### DATASET RECORDS
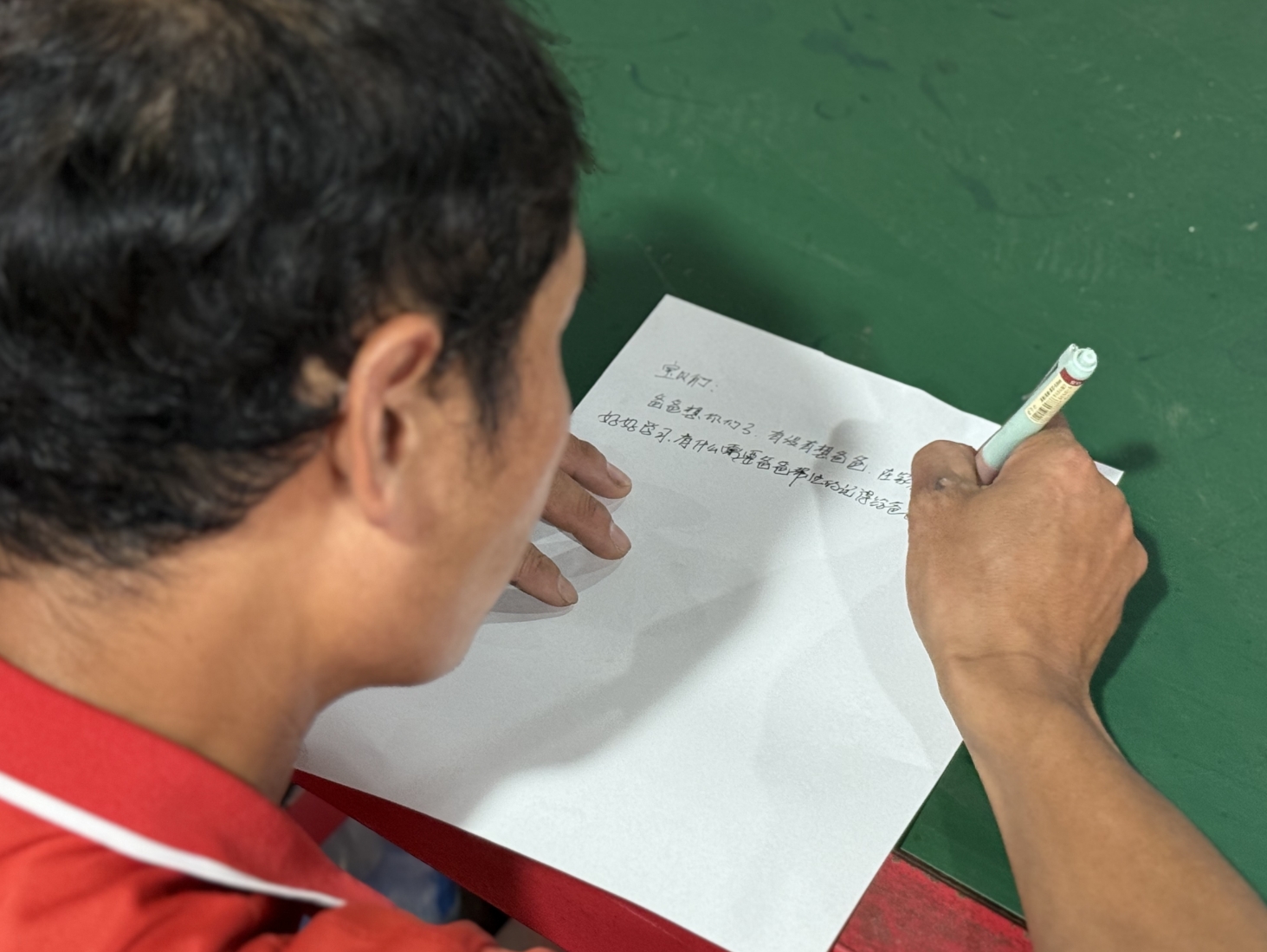 周香军对写字并不陌生。作为极兔速递的一名快递员,他每天开工前会用粗头水彩笔在包裹上把地址的楼栋号写大些。
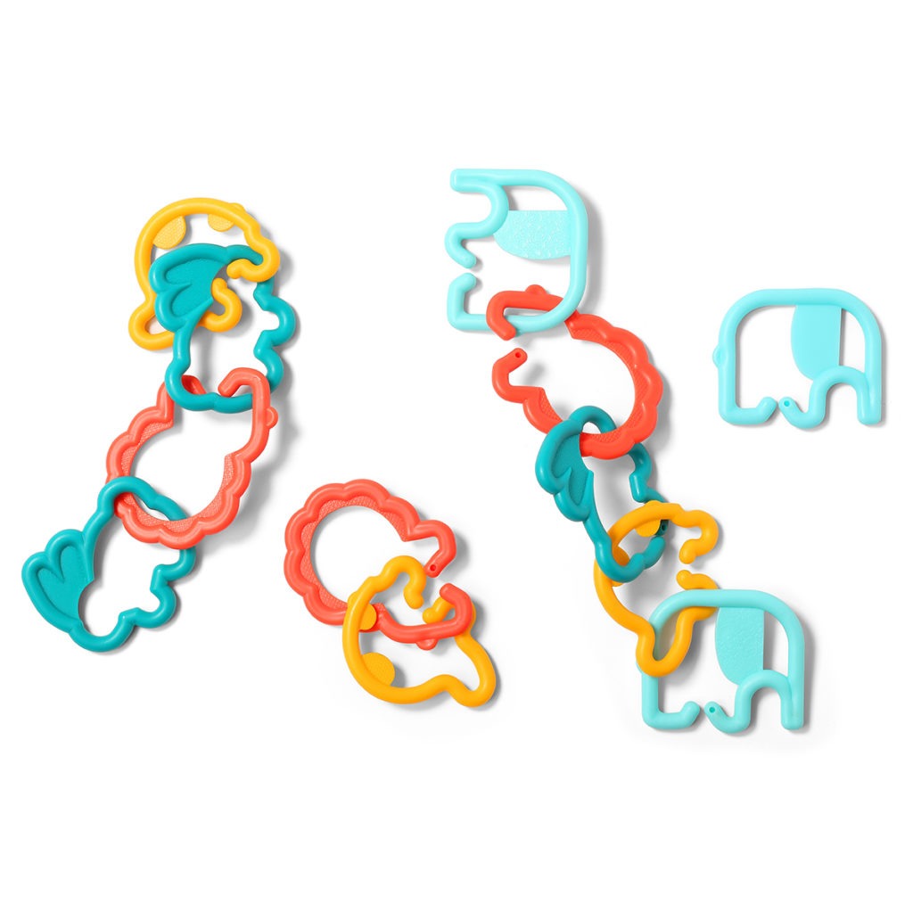 Ланцюжок "Тримай та грайся" (12 елементів) "BabyOno" Пластикові елементи LINK 'N' Play спеціально розроблені для розвитку уяви дитини. Їх можна легко комбінувати для створення різноманітних тривимірних ланцюгів. 4 різні фігури та кольори спонукають дитину до захоплення та приєднання, задовольняючи потреби розвитку наймолодших у захопливій формі. Легкий, простий в чищенні і виготовлений з безпечних матеріалів. Ідеально підходить для автокрісла, коляски, дитячого ліжка та високого стільця. ОСОБЛИВОСТІ:
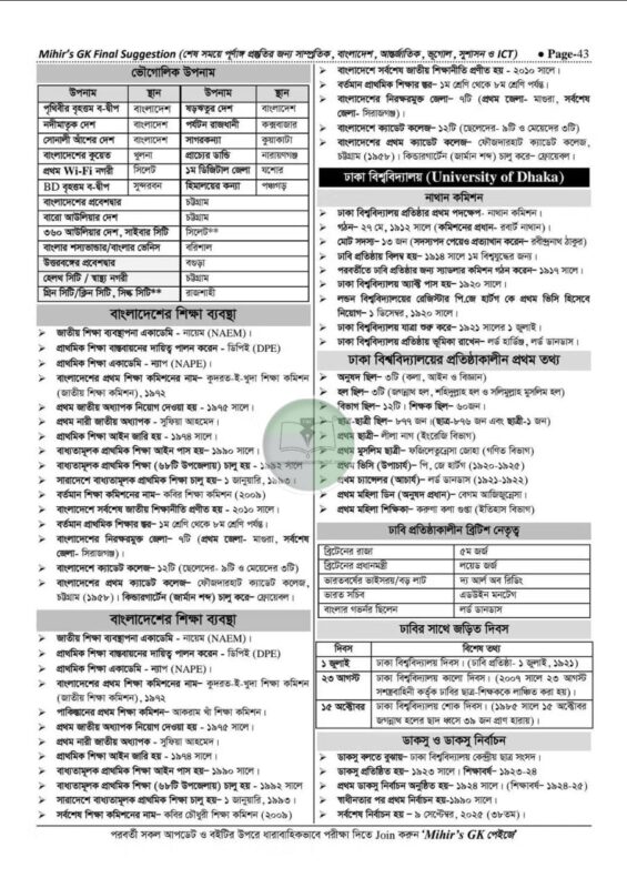 মিহির’স GK ফাইনাল সাজেশন ২০২৫-২০২৬
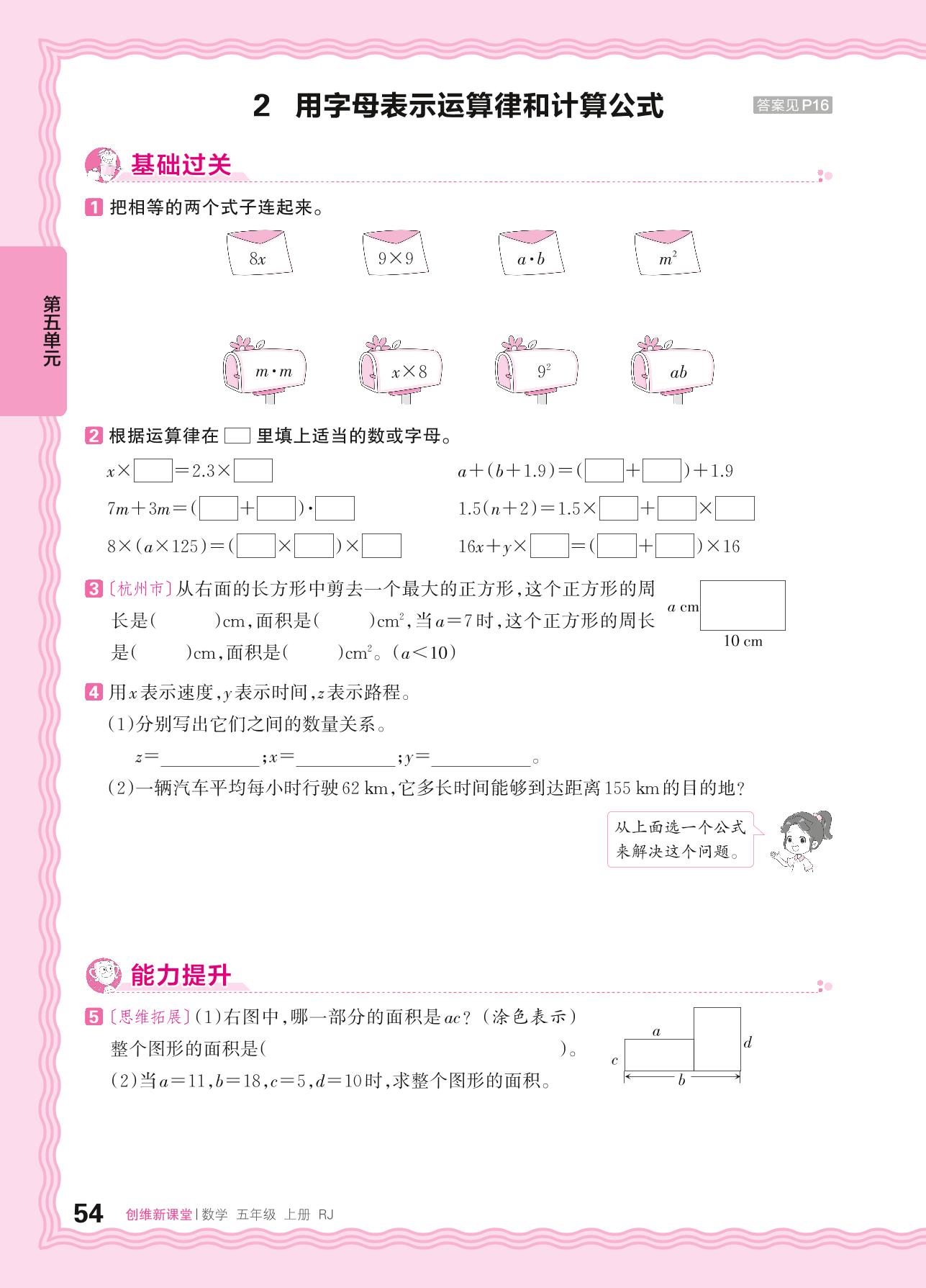 2024秋上册五年级数学人教版 第五单元 简易方程——2. 用字母表示运算律和计算公式
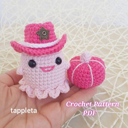 Pink Cowgirl ghost with pumpkin crochet pattern PDF. Amigurumi Cowgirl Ghost pink Halloween pattern. Car rearview mirror hanging accessories. No sew. Amazing project for pink lovers! These cute cowgirl ghost charm will be a cute Halloween small gift for kids, adults. It can be used as car hanging, as a garland on the wall, as home or outside decoration in the garden for Halloween party, Western party decoration. Size – Approximately Ghost - 2 1/3” (6 cm.), Hat - 2 1/3” (6 cm.) in diameter, Pumpkin - 1 3/4” (4,5 cm.) in diameter.
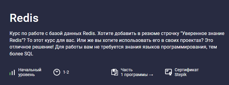 Онлайн-курс «Redis» от преподавателя Максима Крупчатникова на платформе Stepik предназначен для тех, кто хочет освоить работу с популярной базой данных Redis с нуля. Программа рассчитана на начинающих — от слушателей не требуется знаний языков программирования или SQL, что делает курс доступным даже для тех, кто только начинает свой путь в IT.
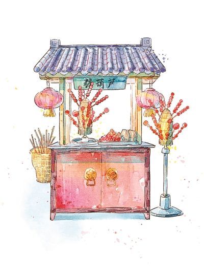 伴隨著糖和山楂的普及,糖葫蘆在清代的北京正式問世。最早的糖葫蘆僅用兩個(gè)山楂串成一串,上小下大,外形更像葫蘆。后來,穿在竹簽上的果子越來越多,種類也不限于山楂了。成書于晚清的《燕京歲時(shí)記》載:“冰糖壺盧(葫蘆)乃用竹簽,貫以葡萄、山藥豆、海棠果、山里紅等物,蘸以冰糖,甜脆而涼!边@時(shí)的糖葫蘆和現(xiàn)代流行款早已差別不大。
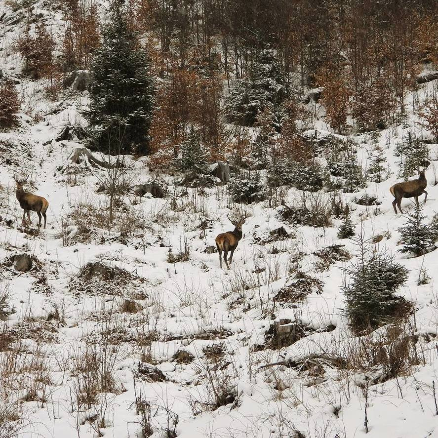Imaginile, făcute publice vineri de Regia Națională a Pădurilor – Romsilva, au fost realizate în cantonul silvic Valea Sării. Animalele au fost observate explorând versanții abrupți, trecând prin zone cu regenerări tinere de molid, dar și retrăgându-se la adăpostul pădurii.
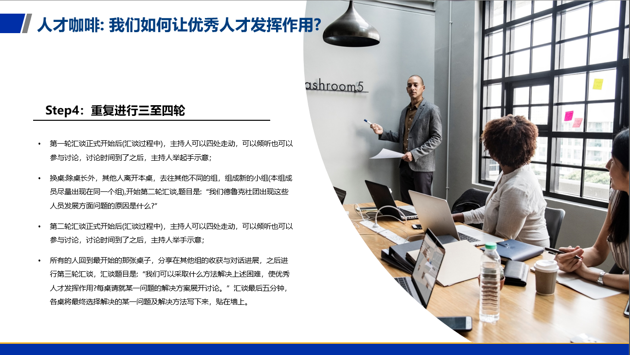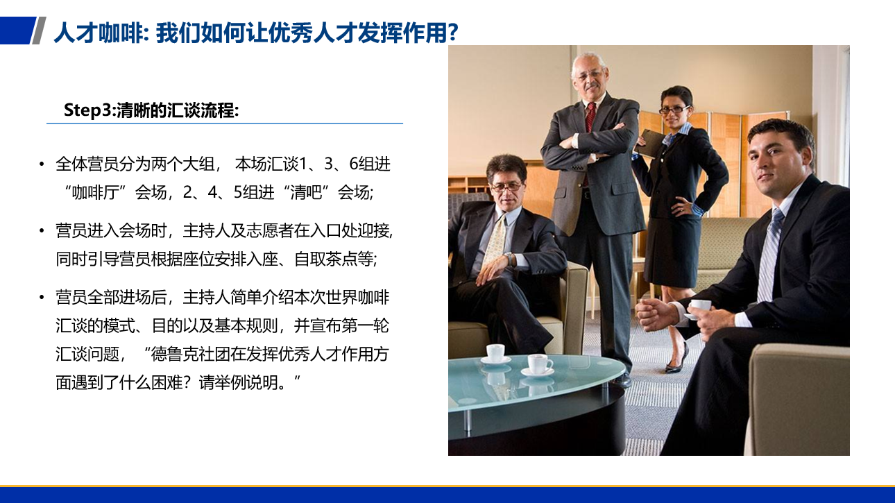 营员全部进场后,主持人简单介绍本次世界咖啡汇谈的模式、目的以及基本规则,并宣布第一轮汇谈问题,“德鲁克社团在发挥优秀人才作用方面遇到了什么困难?请举例说明。”
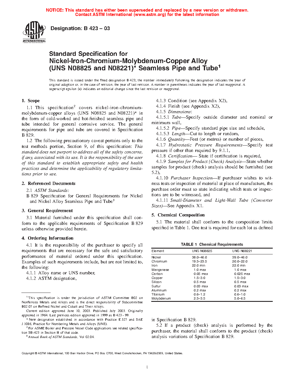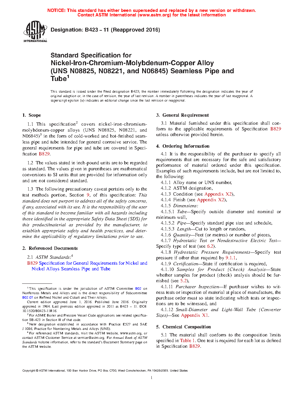 1.1 This specification2 covers nickel-iron-chromium-molybdenum-copper alloys3 in the form of cold-worked and hot-finished seamless pipe and tube intended for general corrosive service. The general requirements for pipe and tube are covered in Specification B829.
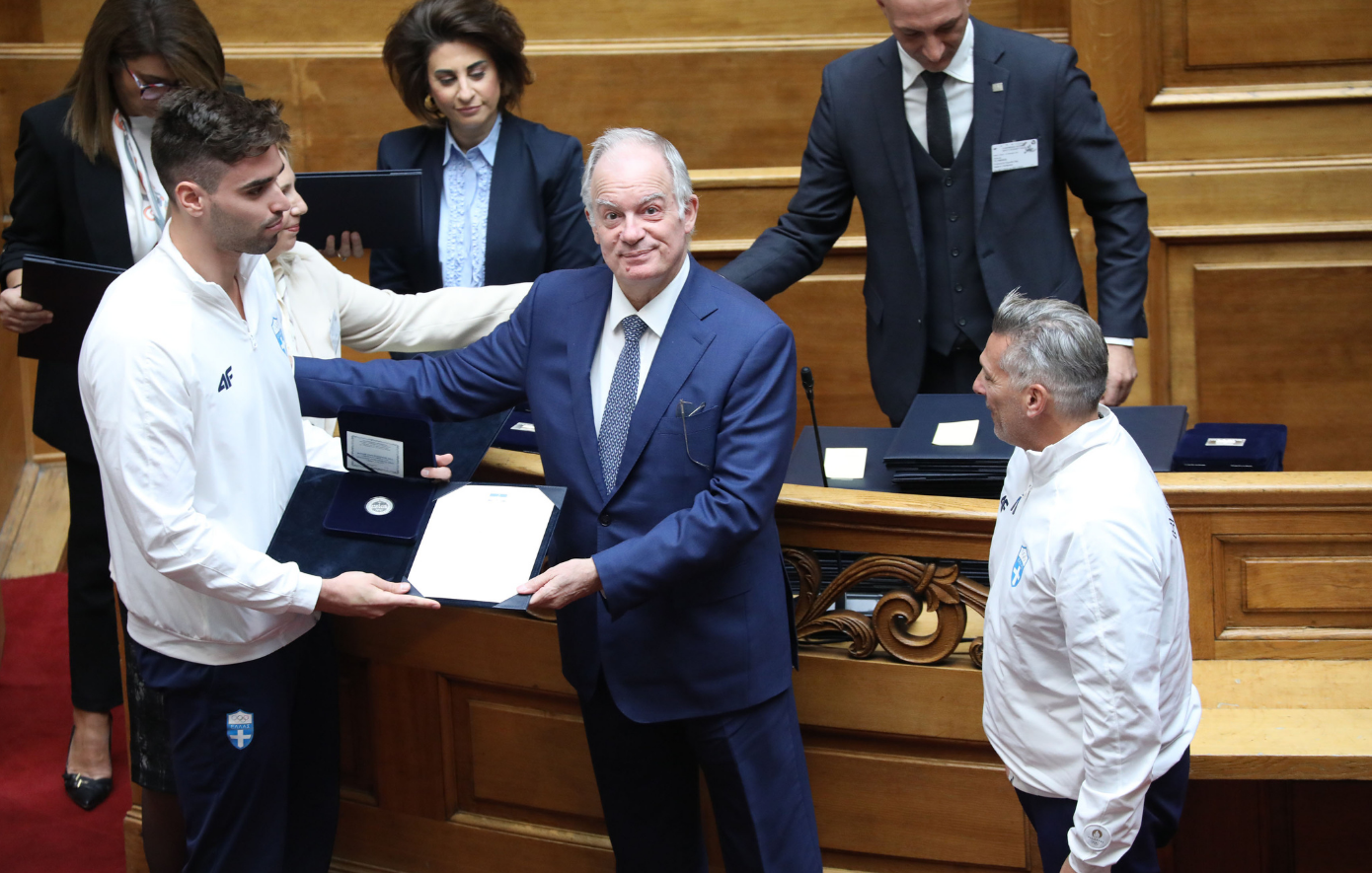 Στην τιμητική εκδήλωση στην Ολομέλεια της Βουλής, τον Πρωθυπουργό κ. Κυριάκο Μητσοτάκη εκπροσώπησε ο Αναπληρωτής Υπουργός Παιδείας, Θρησκευμάτων και Αθλητισμού, κ. Ιωάννης Βρούτσης, ο οποίος τόνισε πως «θέλουμε έναν αθλητισμό μακριά από σκιές, απαλλαγμένο από παθογένειες που αμαυρώνουν την εικόνα του». Προς αυτή την κατεύθυνση, ο κ. Βρούτσης αναφέρθηκε στο συνολικό σχέδιο της κυβέρνησης για την καταπολέμηση της βίας στους αθλητικούς χώρους, την εξάλειψη των φαινομένων κακοποιητικών συμπεριφορών και παρενοχλήσεων, την προστασία από τους χειραγωγημένους αγώνες και το ντόπινγκ, αλλά και την αντιμετώπιση της διαφθοράς στους αθλητικούς οργανισμούς.
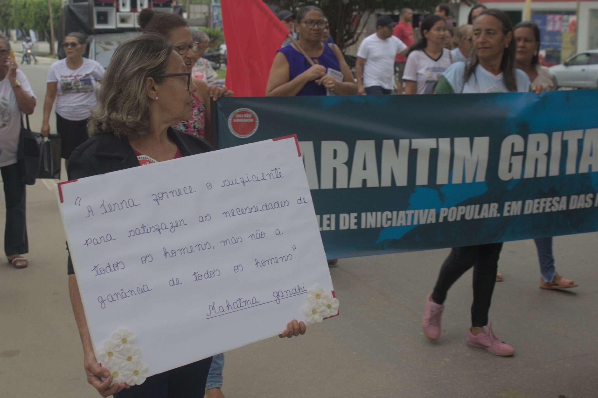 Aldenice Barros, representante da Comissão Popular, afirmou que é fundamental manter a mobilização para alertar os cidadãos do município: “a população precisa acordar para a realidade dos problemas que estamos vivendo relacionados ao meio ambiente, às questões climáticas, porque isso vai chegar até nós.”
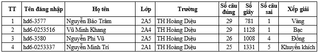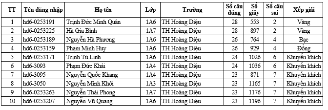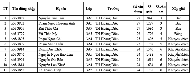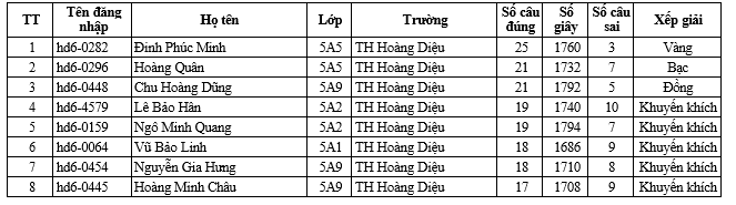 Trường Tiểu học Hoàng Diệu thông báo danh sách học sinh đạt giải vòng thi cấp Quận sân chơi Đấu trường Toán học Vioedu năm học 2024-2025
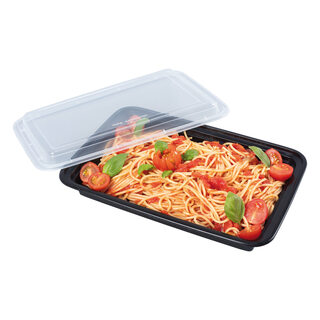 Mehrweg Menüboxen wiederverwendbar PP mit Deckel ungeteilt schwarz 29.5x20x5.5cm, 50 Stk.
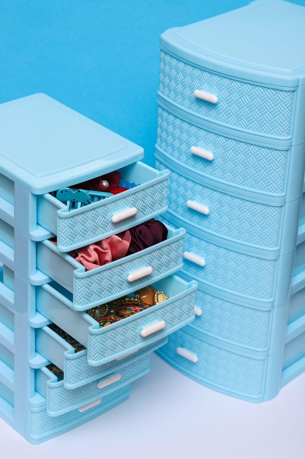 With its compact size, it fits effortlessly on any dressing table, study desk, or bedside shelf, making it super convenient for small spaces. The soft pastel tones β including transparent, beige, and sky blue drawers β add a fresh, playful vibe to your room dΓ©cor. Whether you go for the 3-drawer, 4-drawer, or 5-drawer version, you'll have just the right amount of storage to stay clutter-free in style.

### WHAT YOU NEED TO DO
Return the material word for word. Pictures are not part of the copy.

### RESULT OF THE TASK
 周香军对写字并不陌生。作为极兔速递的一名快递员,他每天开工前会用粗头水彩笔在包裹上把地址的楼栋号写大些。
 Ланцюжок "Тримай та грайся" (12 елементів) "BabyOno" Пластикові елементи LINK 'N' Play спеціально розроблені для розвитку уяви дитини. Їх можна легко комбінувати для створення різноманітних тривимірних ланцюгів. 4 різні фігури та кольори спонукають дитину до захоплення та приєднання, задовольняючи потреби розвитку наймолодших у захопливій формі. Легкий, простий в чищенні і виготовлений з безпечних матеріалів. Ідеально підходить для автокрісла, коляски, дитячого ліжка та високого стільця. ОСОБЛИВОСТІ:
 মিহির’স GK ফাইনাল সাজেশন ২০২৫-২০২৬
 2024秋上册五年级数学人教版 第五单元 简易方程——2. 用字母表示运算律和计算公式
 Pink Cowgirl ghost with pumpkin crochet pattern PDF. Amigurumi Cowgirl Ghost pink Halloween pattern. Car rearview mirror hanging accessories. No sew. Amazing project for pink lovers! These cute cowgirl ghost charm will be a cute Halloween small gift for kids, adults. It can be used as car hanging, as a garland on the wall, as home or outside decoration in the garden for Halloween party, Western party decoration. Size – Approximately Ghost - 2 1/3” (6 cm.), Hat - 2 1/3” (6 cm.) in diameter, Pumpkin - 1 3/4” (4,5 cm.) in diameter.
 Онлайн-курс «Redis» от преподавателя Максима Крупчатникова на платформе Stepik предназначен для тех, кто хочет освоить работу с популярной базой данных Redis с нуля. Программа рассчитана на начинающих — от слушателей не требуется знаний языков программирования или SQL, что делает курс доступным даже для тех, кто только начинает свой путь в IT.
 伴隨著糖和山楂的普及,糖葫蘆在清代的北京正式問世。最早的糖葫蘆僅用兩個(gè)山楂串成一串,上小下大,外形更像葫蘆。后來,穿在竹簽上的果子越來越多,種類也不限于山楂了。成書于晚清的《燕京歲時(shí)記》載:“冰糖壺盧(葫蘆)乃用竹簽,貫以葡萄、山藥豆、海棠果、山里紅等物,蘸以冰糖,甜脆而涼!边@時(shí)的糖葫蘆和現(xiàn)代流行款早已差別不大。
Imaginile, făcute publice vineri de Regia Națională a Pădurilor – Romsilva, au fost realizate în cantonul silvic Valea Sării. Animalele au fost observate explorând versanții abrupți, trecând prin zone cu regenerări tinere de molid, dar și retrăgându-se la adăpostul pădurii.
 营员全部进场后,主持人简单介绍本次世界咖啡汇谈的模式、目的以及基本规则,并宣布第一轮汇谈问题,“德鲁克社团在发挥优秀人才作用方面遇到了什么困难?请举例说明。”
 1.1 This specification2 covers nickel-iron-chromium-molybdenum-copper alloys3 in the form of cold-worked and hot-finished seamless pipe and tube intended for general corrosive service. The general requirements for pipe and tube are covered in Specification B829.
 Στην τιμητική εκδήλωση στην Ολομέλεια της Βουλής, τον Πρωθυπουργό κ. Κυριάκο Μητσοτάκη εκπροσώπησε ο Αναπληρωτής Υπουργός Παιδείας, Θρησκευμάτων και Αθλητισμού, κ. Ιωάννης Βρούτσης, ο οποίος τόνισε πως «θέλουμε έναν αθλητισμό μακριά από σκιές, απαλλαγμένο από παθογένειες που αμαυρώνουν την εικόνα του». Προς αυτή την κατεύθυνση, ο κ. Βρούτσης αναφέρθηκε στο συνολικό σχέδιο της κυβέρνησης για την καταπολέμηση της βίας στους αθλητικούς χώρους, την εξάλειψη των φαινομένων κακοποιητικών συμπεριφορών και παρενοχλήσεων, την προστασία από τους χειραγωγημένους αγώνες και το ντόπινγκ, αλλά και την αντιμετώπιση της διαφθοράς στους αθλητικούς οργανισμούς.
 Aldenice Barros, representante da Comissão Popular, afirmou que é fundamental manter a mobilização para alertar os cidadãos do município: “a população precisa acordar para a realidade dos problemas que estamos vivendo relacionados ao meio ambiente, às questões climáticas, porque isso vai chegar até nós.”
 Trường Tiểu học Hoàng Diệu thông báo danh sách học sinh đạt giải vòng thi cấp Quận sân chơi Đấu trường Toán học Vioedu năm học 2024-2025
 Mehrweg Menüboxen wiederverwendbar PP mit Deckel ungeteilt schwarz 29.5x20x5.5cm, 50 Stk.
 With its compact size, it fits effortlessly on any dressing table, study desk, or bedside shelf, making it super convenient for small spaces. The soft pastel tones β including transparent, beige, and sky blue drawers β add a fresh, playful vibe to your room dΓ©cor. Whether you go for the 3-drawer, 4-drawer, or 5-drawer version, you'll have just the right amount of storage to stay clutter-free in style.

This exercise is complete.